The other part is the customer’s own interface. Many of the functions provided by the SaaS platform will involve the customer’s own business data, and need to get through to the customer’s own system, so SaaS usually provides a lot of interface standards, implemented by the customer, and then the SaaS platform in the business process to call. These external interfaces are not controlled by the platform, provide uneven quality of service, and are prone to anomalies. While these interface failures do not affect the overall service of the SaaS platform, they can be catastrophic to specific customers, and the customer’s first reaction to the failure is usually the SaaS platform failure, requiring you to quickly figure it out, which can waste a considerable amount of team time. Customers may not have such perfect monitoring measures. Therefore, we must monitor the invocation of these interfaces according to the tenant dimension, and timely notify customers in case of abnormalities, which is not only responsible for customers, but also to reduce our own work pressure.
(v) Business logs
-
If the service result does not meet the expectation, the service invokes the link information for complete recovery analysis to find the cause of the problem.
-
Monitor and alarm logs of the ERROR level and specific keywords.
-
Through structured logs, statistical analysis of the amount of call, execution results and other information to assist the statistics of operation data.
First, good journaling content should record just enough information. The problem of logging too little information is obvious, but too much can also be problematic, diluting the truly useful information, taxing the entire logging system, and even affecting the performance of the core business.
Furthermore, in a distributed architecture, a complete request passes through many nodes, and the call logs on these nodes need to be concatenated when analyzing the problem. This requires a complete set of log collection and query tools, the most commonly used is ELK. Since the logs are distributed on different nodes, to concatenate them, the entire invocation link needs to be marked and logged.

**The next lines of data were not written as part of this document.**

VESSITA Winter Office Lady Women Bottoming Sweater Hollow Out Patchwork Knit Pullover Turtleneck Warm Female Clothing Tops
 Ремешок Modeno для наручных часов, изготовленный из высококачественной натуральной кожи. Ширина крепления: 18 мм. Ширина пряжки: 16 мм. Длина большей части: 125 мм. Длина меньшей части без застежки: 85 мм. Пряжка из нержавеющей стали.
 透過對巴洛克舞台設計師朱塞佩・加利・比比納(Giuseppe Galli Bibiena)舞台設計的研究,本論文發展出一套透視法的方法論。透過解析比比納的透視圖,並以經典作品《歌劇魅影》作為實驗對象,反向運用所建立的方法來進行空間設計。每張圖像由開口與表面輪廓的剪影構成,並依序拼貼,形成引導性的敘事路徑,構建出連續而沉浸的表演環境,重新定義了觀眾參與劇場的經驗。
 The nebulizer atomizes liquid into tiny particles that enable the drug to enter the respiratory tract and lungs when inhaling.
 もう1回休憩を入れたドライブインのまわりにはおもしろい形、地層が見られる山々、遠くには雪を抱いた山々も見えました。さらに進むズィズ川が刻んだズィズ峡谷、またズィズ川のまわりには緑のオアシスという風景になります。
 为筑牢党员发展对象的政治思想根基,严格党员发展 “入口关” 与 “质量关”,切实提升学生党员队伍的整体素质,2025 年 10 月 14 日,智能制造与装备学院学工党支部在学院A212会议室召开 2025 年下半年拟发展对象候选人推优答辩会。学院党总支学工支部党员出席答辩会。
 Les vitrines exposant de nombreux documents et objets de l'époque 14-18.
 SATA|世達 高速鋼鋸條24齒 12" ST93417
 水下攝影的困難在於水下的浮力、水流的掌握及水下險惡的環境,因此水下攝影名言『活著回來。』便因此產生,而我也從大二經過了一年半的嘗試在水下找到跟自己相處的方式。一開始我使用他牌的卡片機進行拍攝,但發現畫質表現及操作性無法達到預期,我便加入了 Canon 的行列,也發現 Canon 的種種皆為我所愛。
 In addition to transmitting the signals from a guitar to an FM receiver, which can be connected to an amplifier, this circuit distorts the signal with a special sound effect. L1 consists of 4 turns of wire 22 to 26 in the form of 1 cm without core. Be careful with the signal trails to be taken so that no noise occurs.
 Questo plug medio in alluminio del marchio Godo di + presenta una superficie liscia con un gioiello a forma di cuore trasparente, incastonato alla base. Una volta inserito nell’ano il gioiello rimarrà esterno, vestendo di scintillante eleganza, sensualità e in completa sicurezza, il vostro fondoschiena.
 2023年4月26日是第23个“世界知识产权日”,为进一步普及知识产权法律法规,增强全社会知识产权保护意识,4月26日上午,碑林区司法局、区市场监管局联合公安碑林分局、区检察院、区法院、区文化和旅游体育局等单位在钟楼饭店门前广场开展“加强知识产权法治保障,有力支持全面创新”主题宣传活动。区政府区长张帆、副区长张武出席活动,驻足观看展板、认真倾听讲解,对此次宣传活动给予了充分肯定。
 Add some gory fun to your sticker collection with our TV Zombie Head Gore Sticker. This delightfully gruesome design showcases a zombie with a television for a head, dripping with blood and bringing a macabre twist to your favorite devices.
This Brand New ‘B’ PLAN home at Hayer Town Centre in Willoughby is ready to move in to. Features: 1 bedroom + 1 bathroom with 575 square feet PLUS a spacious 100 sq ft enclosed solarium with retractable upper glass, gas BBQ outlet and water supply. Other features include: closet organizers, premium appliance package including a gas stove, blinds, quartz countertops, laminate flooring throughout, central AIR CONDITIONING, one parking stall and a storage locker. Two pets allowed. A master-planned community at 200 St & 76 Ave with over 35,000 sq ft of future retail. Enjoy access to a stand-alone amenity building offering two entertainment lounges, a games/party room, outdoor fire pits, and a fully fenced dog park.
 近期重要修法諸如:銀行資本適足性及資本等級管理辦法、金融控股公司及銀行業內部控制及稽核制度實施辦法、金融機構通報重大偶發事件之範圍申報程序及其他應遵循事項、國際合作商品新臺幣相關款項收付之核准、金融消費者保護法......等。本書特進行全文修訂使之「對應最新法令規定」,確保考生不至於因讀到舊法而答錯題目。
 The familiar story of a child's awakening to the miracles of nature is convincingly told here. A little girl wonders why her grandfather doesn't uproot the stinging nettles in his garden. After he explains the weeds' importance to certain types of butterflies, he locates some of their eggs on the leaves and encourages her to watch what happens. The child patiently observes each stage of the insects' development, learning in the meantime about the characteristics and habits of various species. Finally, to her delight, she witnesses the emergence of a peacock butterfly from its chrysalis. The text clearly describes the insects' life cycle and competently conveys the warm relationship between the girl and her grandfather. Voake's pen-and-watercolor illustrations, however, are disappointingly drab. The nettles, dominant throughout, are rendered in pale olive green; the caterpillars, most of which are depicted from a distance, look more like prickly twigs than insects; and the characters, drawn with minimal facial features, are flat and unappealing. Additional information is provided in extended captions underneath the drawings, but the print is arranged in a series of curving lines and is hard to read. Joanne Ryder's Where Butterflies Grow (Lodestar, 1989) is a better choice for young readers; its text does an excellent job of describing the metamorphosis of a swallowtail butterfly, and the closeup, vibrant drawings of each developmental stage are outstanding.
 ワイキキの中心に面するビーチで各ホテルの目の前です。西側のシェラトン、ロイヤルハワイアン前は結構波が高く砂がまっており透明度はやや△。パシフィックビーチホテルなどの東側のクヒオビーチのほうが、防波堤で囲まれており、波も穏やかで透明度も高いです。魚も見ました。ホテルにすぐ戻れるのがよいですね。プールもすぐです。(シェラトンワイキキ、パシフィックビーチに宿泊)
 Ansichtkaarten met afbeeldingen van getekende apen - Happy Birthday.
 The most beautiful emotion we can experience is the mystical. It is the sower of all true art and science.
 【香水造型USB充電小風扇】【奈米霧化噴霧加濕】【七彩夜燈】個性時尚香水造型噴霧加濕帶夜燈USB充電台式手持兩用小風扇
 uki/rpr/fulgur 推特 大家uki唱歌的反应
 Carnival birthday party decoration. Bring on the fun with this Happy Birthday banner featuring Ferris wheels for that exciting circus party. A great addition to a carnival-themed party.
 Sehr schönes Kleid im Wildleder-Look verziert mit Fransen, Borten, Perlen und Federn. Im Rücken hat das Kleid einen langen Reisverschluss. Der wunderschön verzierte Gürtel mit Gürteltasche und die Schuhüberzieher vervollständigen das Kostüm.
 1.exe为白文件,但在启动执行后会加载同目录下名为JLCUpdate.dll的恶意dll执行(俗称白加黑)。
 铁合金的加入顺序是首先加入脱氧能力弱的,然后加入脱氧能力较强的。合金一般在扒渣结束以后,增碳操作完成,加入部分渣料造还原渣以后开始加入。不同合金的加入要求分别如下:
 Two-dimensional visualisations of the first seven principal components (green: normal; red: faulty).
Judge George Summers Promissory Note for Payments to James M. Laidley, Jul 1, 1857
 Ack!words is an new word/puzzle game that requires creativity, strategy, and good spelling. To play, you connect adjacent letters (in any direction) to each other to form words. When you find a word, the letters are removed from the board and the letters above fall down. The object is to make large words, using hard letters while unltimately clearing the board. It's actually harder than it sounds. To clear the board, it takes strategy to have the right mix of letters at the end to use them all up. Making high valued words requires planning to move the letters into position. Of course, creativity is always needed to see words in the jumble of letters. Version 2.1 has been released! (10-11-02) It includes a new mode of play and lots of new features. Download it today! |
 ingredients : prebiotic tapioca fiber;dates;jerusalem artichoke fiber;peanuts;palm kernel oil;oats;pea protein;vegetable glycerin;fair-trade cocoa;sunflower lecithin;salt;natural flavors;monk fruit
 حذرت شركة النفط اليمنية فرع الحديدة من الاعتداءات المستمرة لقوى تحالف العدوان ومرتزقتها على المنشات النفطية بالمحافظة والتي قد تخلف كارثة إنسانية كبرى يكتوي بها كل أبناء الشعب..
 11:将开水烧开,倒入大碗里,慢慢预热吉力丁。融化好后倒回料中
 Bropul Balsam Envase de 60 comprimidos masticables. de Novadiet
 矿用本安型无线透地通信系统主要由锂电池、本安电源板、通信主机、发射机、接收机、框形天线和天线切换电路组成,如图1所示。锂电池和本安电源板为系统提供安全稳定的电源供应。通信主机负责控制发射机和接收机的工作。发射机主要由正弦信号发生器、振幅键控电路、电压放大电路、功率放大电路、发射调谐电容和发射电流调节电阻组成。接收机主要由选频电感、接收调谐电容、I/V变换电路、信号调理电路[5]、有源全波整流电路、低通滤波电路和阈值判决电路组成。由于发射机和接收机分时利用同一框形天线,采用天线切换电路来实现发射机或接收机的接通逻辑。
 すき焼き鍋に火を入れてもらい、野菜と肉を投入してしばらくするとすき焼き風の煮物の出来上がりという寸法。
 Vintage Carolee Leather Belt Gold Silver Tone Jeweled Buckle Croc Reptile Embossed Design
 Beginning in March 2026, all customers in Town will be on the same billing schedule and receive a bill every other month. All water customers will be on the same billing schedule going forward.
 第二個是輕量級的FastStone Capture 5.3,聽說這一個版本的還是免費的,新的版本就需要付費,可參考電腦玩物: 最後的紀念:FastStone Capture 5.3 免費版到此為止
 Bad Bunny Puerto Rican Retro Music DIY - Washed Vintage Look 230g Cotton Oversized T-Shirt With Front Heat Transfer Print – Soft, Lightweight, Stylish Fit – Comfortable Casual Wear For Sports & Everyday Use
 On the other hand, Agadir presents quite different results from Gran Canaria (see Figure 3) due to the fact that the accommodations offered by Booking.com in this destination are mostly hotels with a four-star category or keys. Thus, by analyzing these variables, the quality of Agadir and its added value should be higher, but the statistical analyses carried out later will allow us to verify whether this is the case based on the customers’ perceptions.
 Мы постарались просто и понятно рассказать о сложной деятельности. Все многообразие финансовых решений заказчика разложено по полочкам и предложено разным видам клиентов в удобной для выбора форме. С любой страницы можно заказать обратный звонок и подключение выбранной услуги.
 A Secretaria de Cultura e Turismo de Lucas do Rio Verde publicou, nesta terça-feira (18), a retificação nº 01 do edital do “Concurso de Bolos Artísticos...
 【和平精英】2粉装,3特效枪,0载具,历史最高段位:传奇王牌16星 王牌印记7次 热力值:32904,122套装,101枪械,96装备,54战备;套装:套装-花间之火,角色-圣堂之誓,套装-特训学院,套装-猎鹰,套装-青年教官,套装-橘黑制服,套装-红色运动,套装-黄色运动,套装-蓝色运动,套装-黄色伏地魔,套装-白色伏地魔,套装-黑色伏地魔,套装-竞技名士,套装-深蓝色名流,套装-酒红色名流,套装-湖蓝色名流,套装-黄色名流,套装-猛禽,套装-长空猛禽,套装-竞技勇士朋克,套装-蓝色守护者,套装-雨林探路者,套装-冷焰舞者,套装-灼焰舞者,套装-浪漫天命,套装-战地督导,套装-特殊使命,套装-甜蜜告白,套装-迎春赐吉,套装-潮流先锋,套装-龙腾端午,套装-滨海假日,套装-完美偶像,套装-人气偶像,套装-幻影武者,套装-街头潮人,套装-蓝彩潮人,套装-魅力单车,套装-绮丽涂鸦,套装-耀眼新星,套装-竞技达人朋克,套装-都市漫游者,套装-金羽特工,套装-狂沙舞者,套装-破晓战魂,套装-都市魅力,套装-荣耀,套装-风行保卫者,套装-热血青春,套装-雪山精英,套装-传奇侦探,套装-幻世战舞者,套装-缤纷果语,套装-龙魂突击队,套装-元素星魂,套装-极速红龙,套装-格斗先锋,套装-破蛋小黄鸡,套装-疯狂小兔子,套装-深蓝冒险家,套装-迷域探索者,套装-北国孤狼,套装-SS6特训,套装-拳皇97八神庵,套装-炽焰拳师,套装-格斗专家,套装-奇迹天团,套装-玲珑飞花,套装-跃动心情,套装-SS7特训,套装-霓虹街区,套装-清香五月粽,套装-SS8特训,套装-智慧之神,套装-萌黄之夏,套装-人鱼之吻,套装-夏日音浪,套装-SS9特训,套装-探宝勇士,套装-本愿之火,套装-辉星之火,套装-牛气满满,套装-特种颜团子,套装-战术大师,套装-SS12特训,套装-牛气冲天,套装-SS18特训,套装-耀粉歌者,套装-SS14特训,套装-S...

Efficient and healthy platters
As an aggregation display platform, the health tray is only used to display the real-time health status of the system. Each monitoring system reports data to the platform through a unified interface, including:
-
Service information: service node information, service name, node ID, node IP address, etc.
-
Service domain information: The service domain to which the service belongs. Multi-level service domains can be supported if necessary.
-
Data dimensions: Monitoring dimensions such as resources, performance, high availability, and service indicators.
-
Dimension priority: Different priorities have different display weights. Exceptions with higher priorities are displayed first.
-
Health level: indicates the health of the service, such as health when there is no abnormal, sub-health when there is a small number of warnings, unhealthy when there is a large number of alarms, downtime when the service is unavailable.
-
Detail link: Used for detail drill-down.
-
Monitoring dimension aggregation: All monitoring dimension data on the same node can be aggregated and displayed after weighted calculation based on priority weight and health level.
-
Application status aggregation: Data on unified service nodes can be aggregated and services in the same service domain can be aggregated and displayed.
-
Priority display: The display can be sorted according to the aggregated health priority in real time. The display with low health priority is displayed.
-
Drill-down analysis: Supports drill-down analysis of node data by monitoring dimension and service dimension.
conclusion
More technical dry goods, welcome to pay attention to the VX public account “netease smart Enterprise technology +”. Series of courses in advance, free gifts, but also direct conversations with CTO.